The experience I had on those British Columbia trails just left me in exhilarated awe. Just so well built, so enjoyable, so brilliantly mixing tech and flow and exploiting to the max the incredible country they have to work with.

People ask me what the race was like. I tell them about the great people I met, the incredible organisation, the sheer intensity and exhausting hard work of it. But I always come back to the trails.

This moment sums it up. On day five the race finished at a ferry terminal right down on the water’s edge. We were then loaded up on a ferry and chugged out into the waterway headed for Vancouver.

I was sitting inside at the rear of the boat, watching the land recede, carb-loading and bench racing with a few other riders. I looked out every now and again. The land kept receding, but that mountain remained a sheer green wall disappearing out of view above the roof.  Finally, after maybe 20 minutes, maybe even 30 minutes, the top was visible.

I could make out just below the peak where the treeline ended.

Then it hit me. A few hours earlier I’d arrived at that very treeline, pretty smashed after 40km and four hours of pretty constant climbing.
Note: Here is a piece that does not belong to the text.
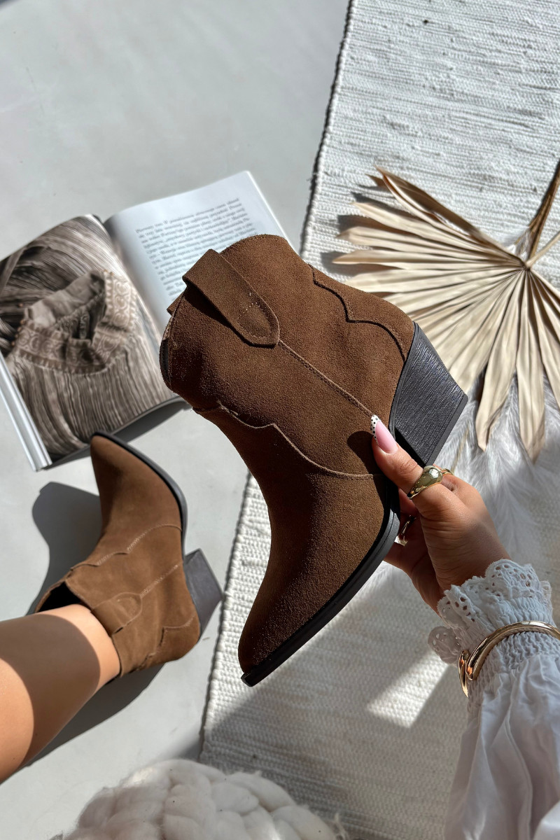 Įspiriami kaubojiško stiliaus moteriški aulinukai iš natūralios zomšos Beretta rudos spalvos

I’d entered the singletrack where that treeline started and ridden all the all the way down that vast mountain on a network of trails so inviting, so frickin’ good it made all the effort to get there worthwhile.

There was rooty, narrow trail cut across the side of plunging ravines, bench cut flow sections of all-out speed, rocky tech, smooth BMX sections, woodwork over canyons and creeks and amazingly difficult rock-rolls … the latter thankfully roped off with yellow tape.
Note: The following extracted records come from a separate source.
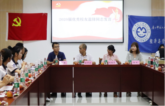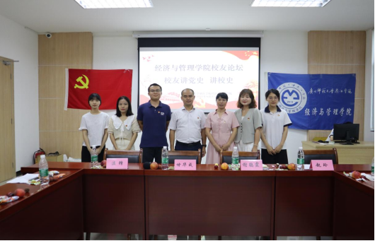 6月23日下午,经济与管理学院在图书馆C馆三楼报告厅开展校友讲党史、讲校史主题活动,经济与管理学院党总支书记甘华成、辅导员谢鹃霞、赵玲、2020届优秀校友温锋及2017级学生党员出席本次活动。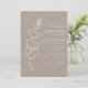 This simple, elegant wedding invitation features a graceful white line drawing of a eucalyptus sprig. Customise the white text with the first names of the bride and groom in serif font and the remaining text in sans serif and handwriting script on a taupe background. The back of the card is solid taupe.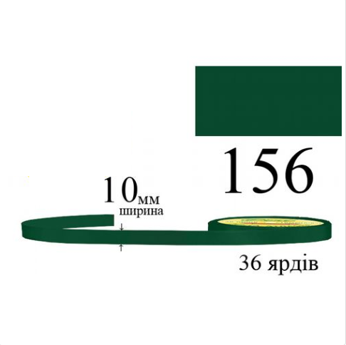 Стрічка атласна 10мм 33м 156 Різдв’яний зелений

At one point a bloke went past me going that bit faster. I wanted to push and chase him, but I just didn’t have the energy. A few minutes later I approached a loose left over a crest and down to my right in the scrub tangled up in his bike, there he was. He gave me a smile and waved me on as if to say ‘don’t let me interrupt you’.

It’s that sort of trail.

It took me an hour to work my way down the face of that mountain. An hour!

There are so many rides like that in the BCBR. None better than that one, but so many that are similar.

It’s those trails I can’t get out of my head. I just want to ride them over and over again. Which is why I’m going back to race the BCBR again in 2020.

Yep, the training has started again. I am out there huffing and puffing over my local trails at Red Hill and beyond, building up the kays and the climbing metres. I’ve entered some races and even traded the wonderful Trance in for a fresh ride.

It’s hard work and hurts like hell. Love it!